Первые полтора месяца прошли относительно легко. Слабость ещё маячила на горизонте, сон давался без особых усилий, а настроение было ровным. Правда, я стал замечать, что практически не читаю книг, не смотрю фильмов и редко слушаю музыку. Других побочных эффектов не было. Серьёзные трудности возникли в Ныробе, куда я приехал по служебным делам на излёте второго месяца терапии. Пустой и холодный номер гостиницы привёл меня в уныние. Непривычная обстановка и чувство потерянности схватили за грудки. Казалось диким вот здесь, когда надо работать, проявлять внимание и прозорливость, протирать мягкое место спиртом и вкалывать жутковатое лекарство, старательно прицеливаясь в нужный сектор. Ночью я испугался, что не справлюсь с работой. Утром полчаса лежал в постели, собираясь с силами. С этим надо было что-то делать. В тот день я принял решение, которое спасло меня в будущем. Оно было одновременно простым и сложным — максимально дисциплинировать свою жизнь.

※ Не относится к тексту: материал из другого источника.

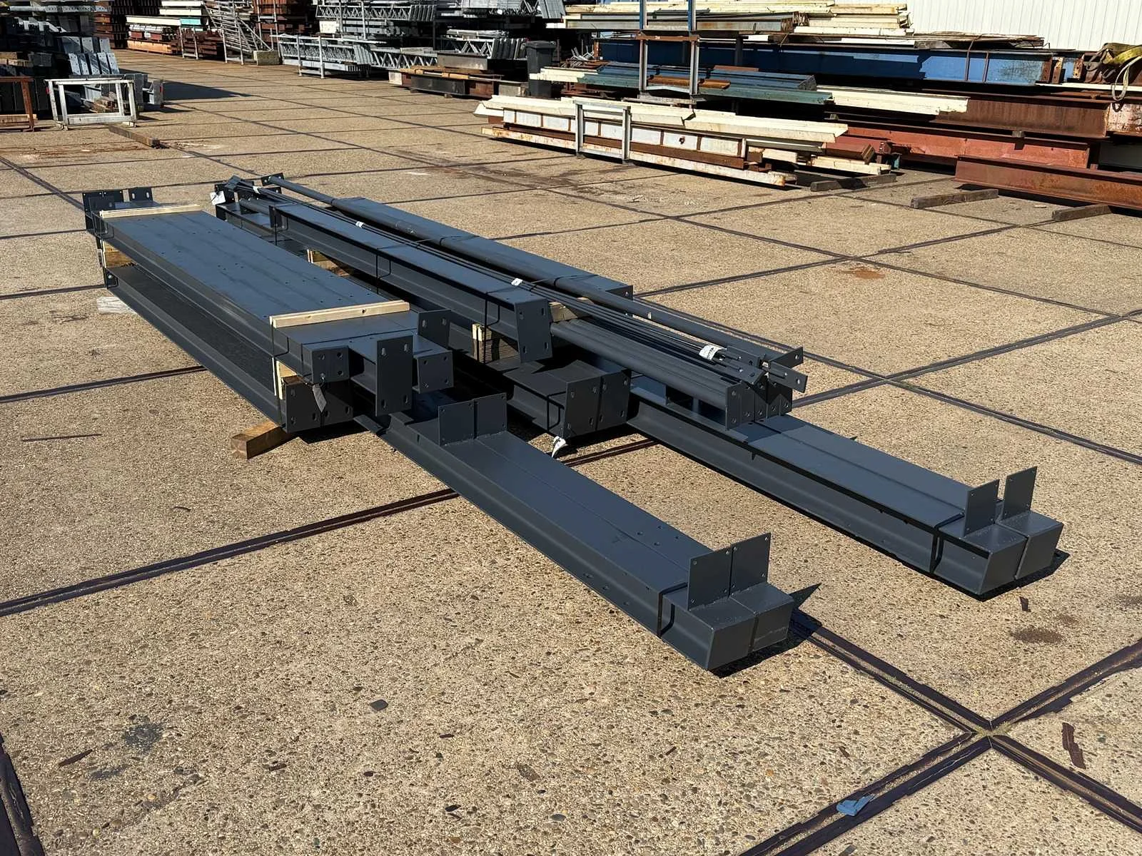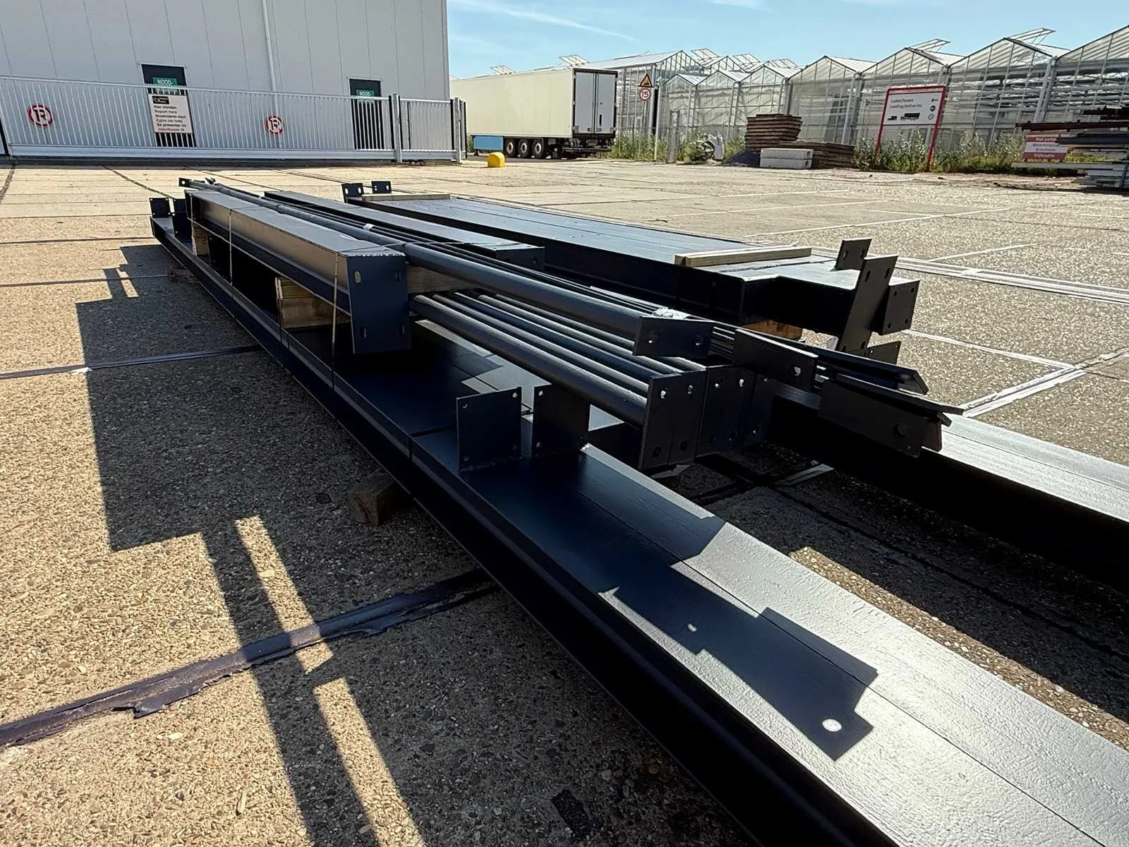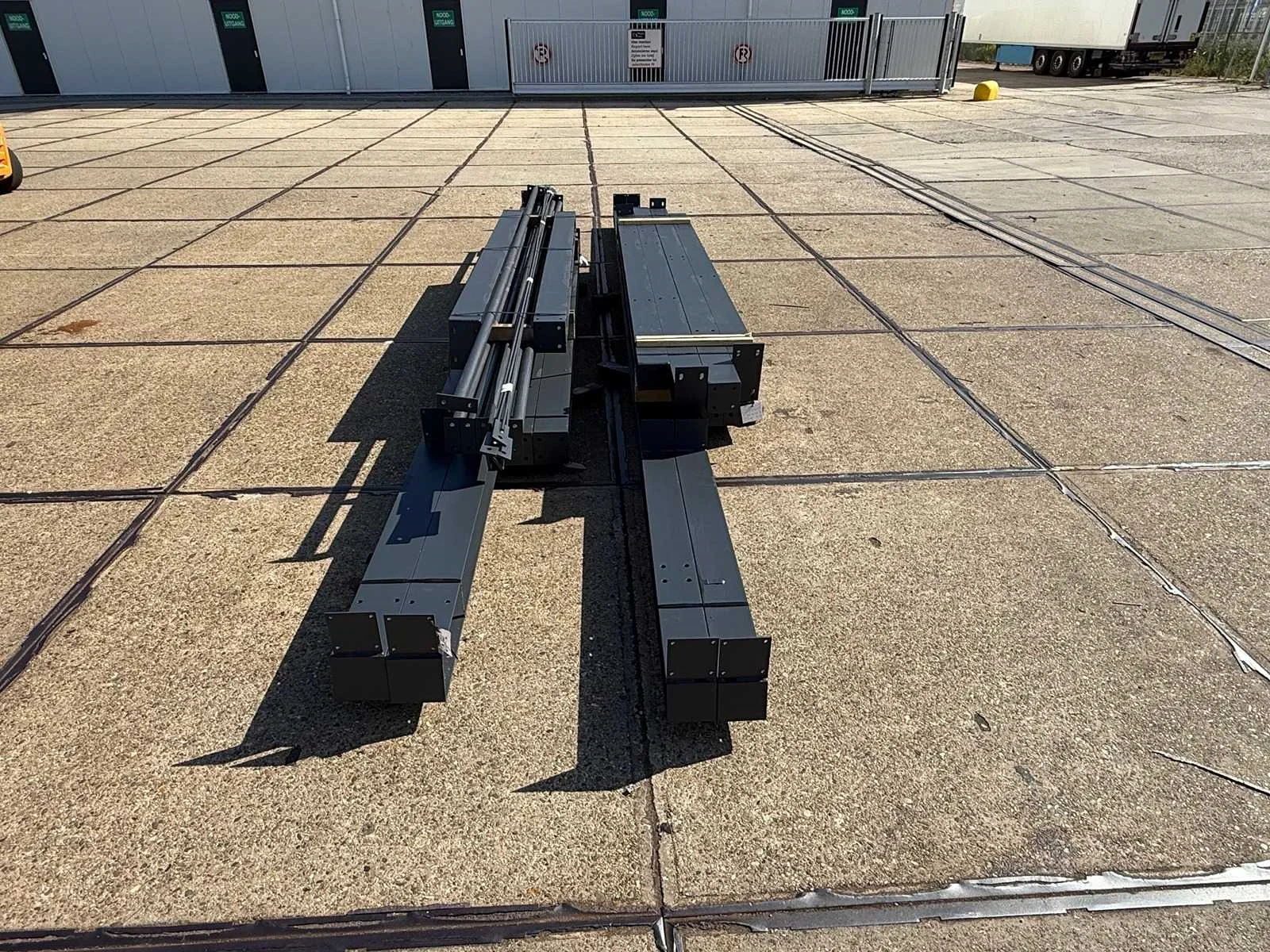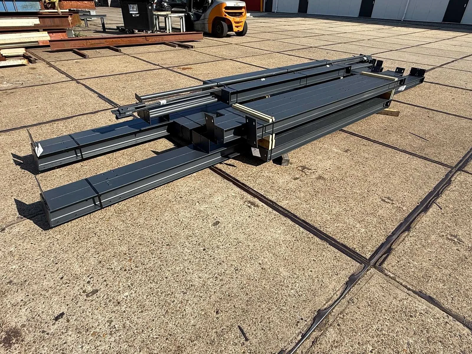 Zware staalconstructie met lessenaarsdak; vrije overspanning; spanten h.o.h. 5.00 meter; hoogte voorkant 4.00 meter; hoogte achterkant 3.00 meter; breedte constructie buitenkant staanders is 6.50 meter met aan de voorkant een overstek van 0.50 meter waardoor totale breedte 7.00 meter is; 2 sets tussenspanten HEA 160; 2 sets eindspanten HEA 140; met staaltekening en 3D-tekening; voorzien van drukkokers; windverbanden; gordinglippen op de spanten; staalconstructie ligt netjes transportklaar en dient met 1 trailer geladen te worden; kavel wordt gratis geladen met een heftruck Materiaal: Geschilderd staal kleur antraciet Type: Lessenaarsdak Totaal oppervlakte: 105m² Nok hoogte: 4000mm Goot hoogte: 3000mm Totale afmeting L: 15000mm Totale afmeting Breedte: 7000mm

Держать равнение на собственные чувства и хотения я больше не мог — они уводили в оцепенение, мешали работать и побуждали культивировать болезнь и слабость, медленно превращая меня в плаксивого идолопоклонника.

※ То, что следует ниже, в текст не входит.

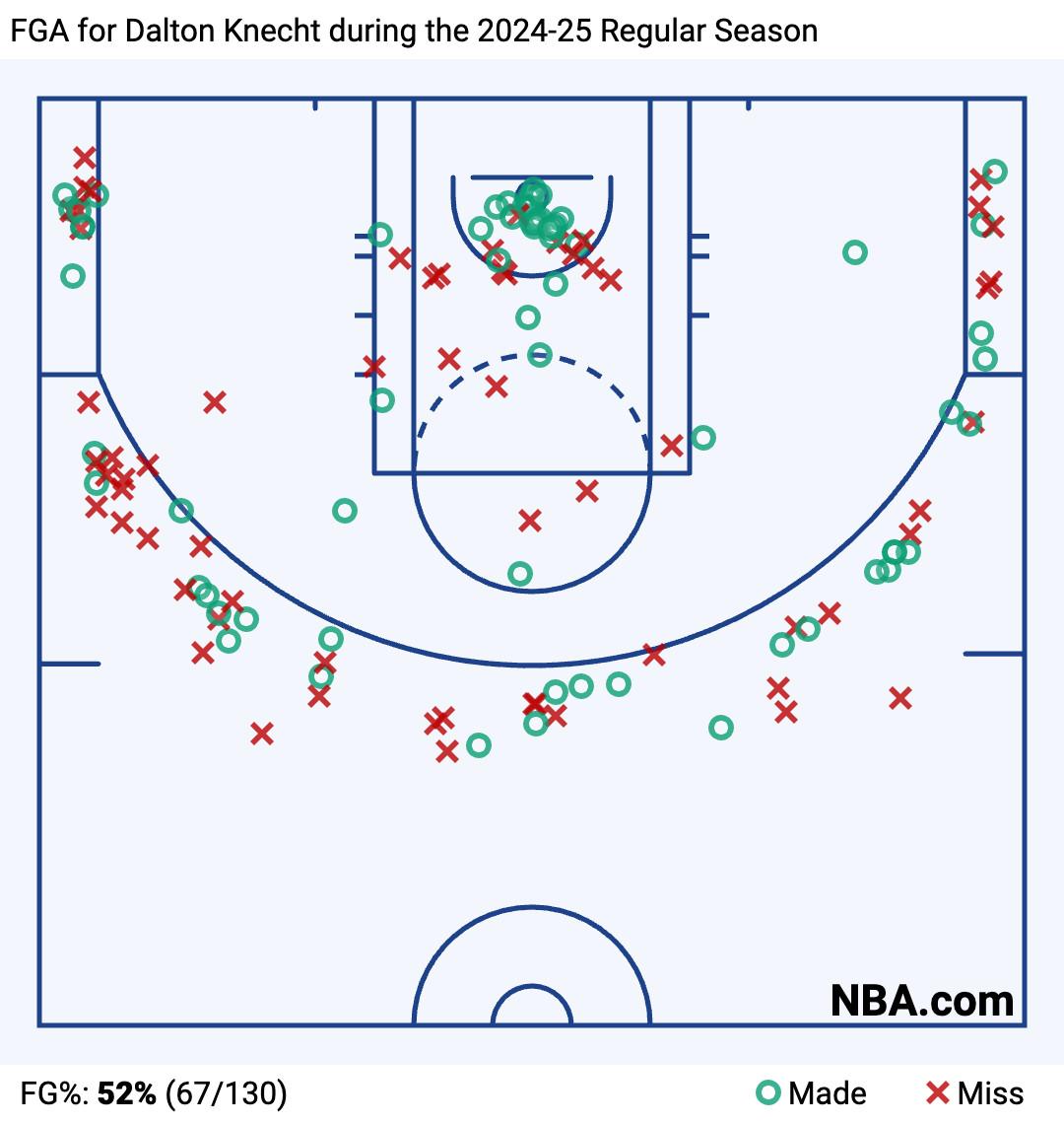 While Knecht can score, opposing teams will attack him mercilessly on the other end until he proves he can stop them. He’s displayed minimal ability to do so thus far. Out of 236 players with at least 250 minutes played this season, Knecht ranks 233rd in stocks (steals plus blocks) per 36 minutes.

Я встряхнулся и обратился к разуму и воле. Вернувшись из командировки, составил распорядок дня. Ввёл в свою жизнь физкультуру, обязал себя к чтению и написанию текстов. Упорядочил приёмы пищи, прогулки и шахматные тренировки. Стал учиться игнорировать эмоции и мысли. Беспощадно иронизировал по поводу своего настроения. Однако два раза в месяц со мной случались срывы. Особенно тяжелым выдался март, четвёртый месяц терапии. Ощущение, что я разбиваю и разбиваю скорлупу, а она всё вырастает и вырастает, заключая меня в безвоздушное пространство, сделалось невыносимым. В такие дни мой стержень гнулся, и лечение хотелось бросить. Я валился на диван и мог часами глядеть в потолок. Потом приходила злость. Она копилась и зрела, пока кто-то не вызывал её на себя. Безобразный ор, направленный на близких, кота, компанию Дом.ru или соседа с дрелью, выплёскивался настолько обильно, что поостыв, я не знал, куда деть глаза от стыда и беспомощности. Вскоре срывы стали мной предугадываться. Чувствуя их приближение, я нагружал себя шахматными задачами, Зощенко и Довлатовым, долгими лесными прогулками и думой о том, что когда-нибудь терапия закончится. Это помогло, и жизнь пришла хоть в какое-то русло. Но помогло не только это. В любой момент я мог обратиться к своему врачу и получить от неё поддержку и точные советы. И конечно, вряд ли бы мне удалось пройти эти четыре месяца без стоического понимания родных людей.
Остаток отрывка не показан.